Final answer:
To estimate the population mean weight of avocados with a 90% confidence interval, we determine the sample mean and standard deviation, find the critical t-value, calculate the margin of error, and construct the confidence interval, interpreting it to mean that there's a 90% confidence the true mean lies within the interval.
Step-by-step explanation:
To estimate the population mean weight of avocados with a 90% confidence interval we first need to calculate the sample mean and sample standard deviation. Then, we use the t-distribution since the population standard deviation is unknown.
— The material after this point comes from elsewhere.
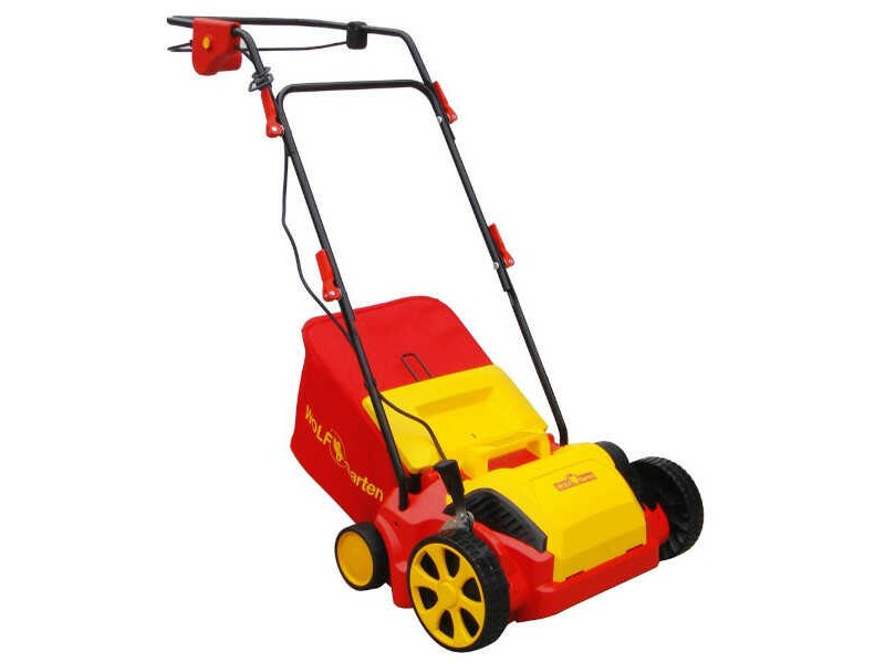 VS 302 E Electric Lawn Scarifier WOLF-Garten - Electric Scarifiers. The WOLF-Garten VS 302 E lawn scarifier is easy to handle and extremely versatile. Powered by a reliable 1200 W motor, the VS 302 E has a working width of 30 cm. The scarifying tines be centrally adjustable between five separate working heights for greater efficiency under different working conditions. Lightweight, weighing just 12 kg, the VS 302 E has a high-quality plastic chassis and a 35 liter collector bag. With WOLF-Garten's patented Flick-Flack® cable guide, the power cord is guided and protected against pulling load so there is no need to carry the cable by hand and, while scarifying, it is laid beside the scarifier to prevent running over it. The VS 302 E Electric Lawn Scarifier is easily transported and stored saving space thanks to its folding handlebar. The scarifier is supported by a full range of genuine spare parts.

Sample Mean and Standard Deviation
The sample mean (´X) is the sum of all sample weights divided by the number of avocados, which is:
´X = (153 + 161 + 149 + 155 + 158 + 144 + 152 + 148 + 145 + 152 + 159 + 147) / 12
To calculate the sample standard deviation (s), we use the formula for s = sqrt(Σ(xi - ´X)² / (n-1)), where xi is a sample value, and n is the sample size.
Test Statistic (t)
For a 90% confidence interval, we will need to look up the critical t-value corresponding to our confidence level and degrees of freedom (n-1).
Error Bound for Population Mean (EBM)
EBM = t * (s / sqrt(n)) which provides the margin of error for our confidence interval.
Confidence Interval
The confidence interval is calculated by taking the sample mean and adding and subtracting the EBM from it. This gives us the lower and upper bounds of the interval.
Interpretation
An interpretation of the confidence interval would be: "Based on the sample, we are 90% confident that the true population mean weight of avocados falls within the calculated interval."